The method to implement the NDS multiplier is shown in Fig. 7(c). The NDS multiplier is used to implement the multiplication of two variables with powers of 2 using a logic shift, which can be multiplier-less with lower hardware cost. Two inputs of variable "a[n]" and "b[n]" are contained in the NDS multiplier, and the value of a[n] is expected to be a positive value that is less than one. The bus splitter is used to split a bus into single-bit outputs, and the output ports are numbered from least significant bit to most significant bit. The "MUX" block implements the multiplexer operation, which is used to select the input data flow.
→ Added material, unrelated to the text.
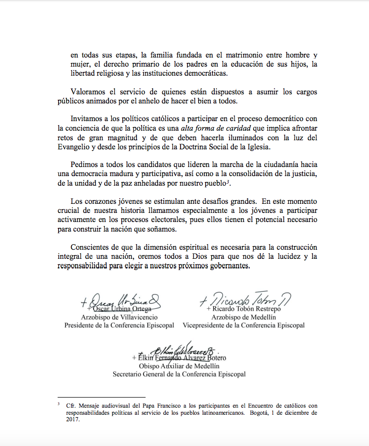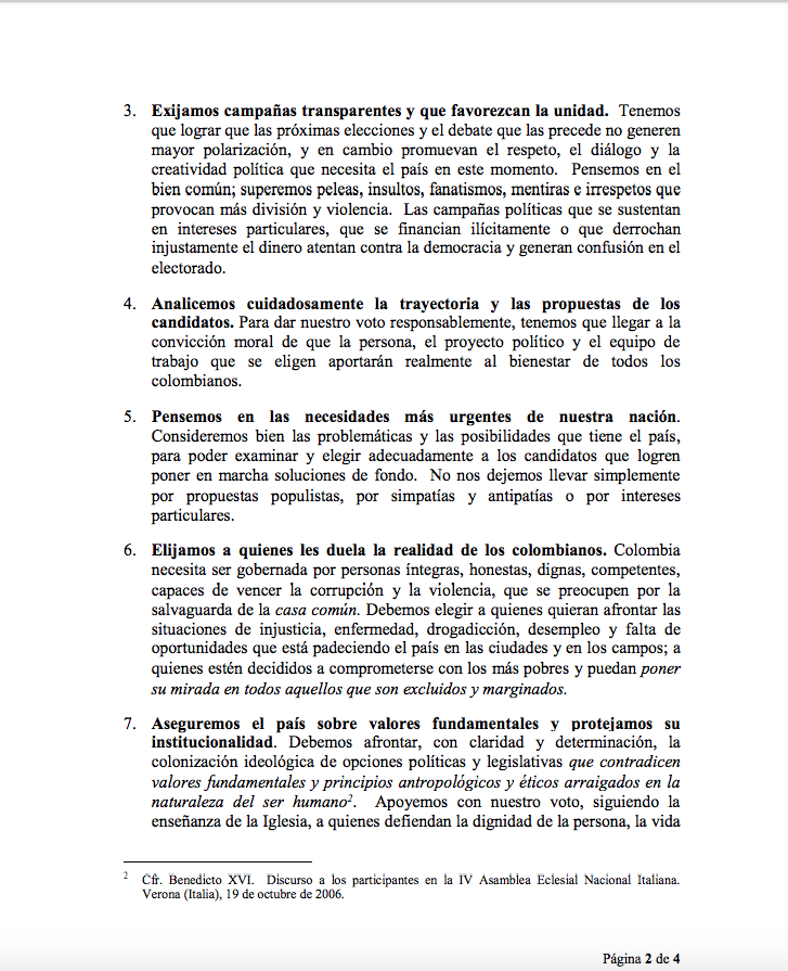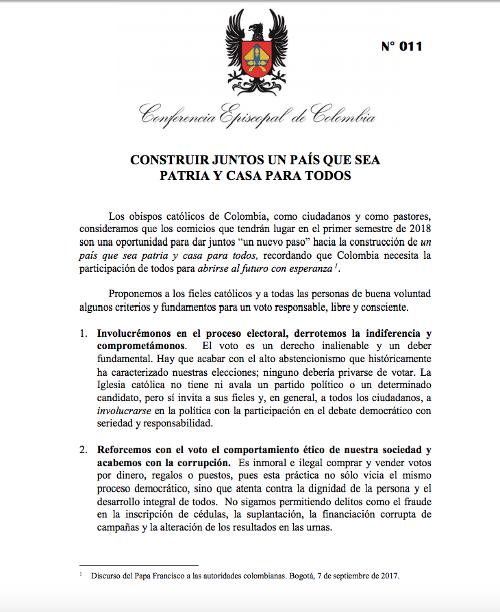 Centro de información Yo quiero Noticias Boletines Eventos Artículos Canonización Mensajes del Señor Cardenal Cartas pastorales Homilías Mensajes La voz del pastor Documentos del Vaticano NoticiasVotemos a conciencia y con responsabilidad15 de Junio de 2018Los obispos católicos de Colombia recuerdan a todos los fieles que, como ciudadanos y como cristianos, debemos votar consciente, libre y responsablemente Like 0 Dislike 0 Noticias relacionadas Prográmate Arquidiócesis de Bogotá celebró el Día del Trabajador Católico 🙏🏻 ✝️ Del 29 de marzo al 5 de abril

In the first data line of the MUX block, the input value is zero. If the output of the bus splitter is 1, the second data line is selected and the variable b[n] is shifted rightwards based on the bit number of the bus splitter. Then the single-bit outputs are used as the distances of the shift operations and inputted into the barrel shifter. The "shift" block represents the barrel shifter which can shift the input data by the amount set by the distance bus. The value of variable b[n] is inputted into each data port of shift block, and each output of the shift block is then added together to obtain the final output value of the shift multiplication module. By using this method we are able to calculate the multiplication of the two neuronal variables with a significant reduction of hardware resource cost.

### IV. EXPERIMENTAL RESULTS

In this section, we present experimental results, including dynamical behaviors of PLA neuron models, hardware performance of single neuron and the neural network on the LaCSNN system that is realized by six Altera Stratix III 340 FPGAs. DE3 340 development boards are used, each of which has four HSTCs for the multiboard concatenation, one DDR2 memory channel for off-chip data storage and a USB 2.0 interface for the data transmission to a workstation. System tests are performed for the validation of capability to deal with the challenges in both the neuron complexity and the network scalability, and demonstrate the network dynamics for a large-scale SNN model. In general FPGA, chips are mounted on a development board, and add a further contribution that is unrelated with the emulation. As a result, the power consumption of the overall emulation platform is weakly dependent on the number of emulated neurons. In the presented LaCSNN system, the platform equipped with six Altera EP3SE340 FPGA chips dissipates 10.578 W. In terms of efficiency, LaCSNN's power density is 143.92 mW/cm<sup>2</sup>, whereas that of a typical central processing unit (CPU) is 50-100 W/cm<sup>2</sup>. The neuron model in (1) is easily laid out as a pipelined structure that can be clocked at 100 MHz. We can evaluate neurons with the maximum number of 1 million using 216 copies of the evaluation pipeline under the situation of fully usage of hardware resource with six FPGA chips. Besides, with the hardware infrastructure and the NoC topology presented in the previous section, we can simulate up to 60 million synapses with firing at an average rate of 50 Hz in real time. In fact, the number of layers of the proposed system can be increased by adding the FPGA develop boards, so that more number of neurons and synapses can be simulated.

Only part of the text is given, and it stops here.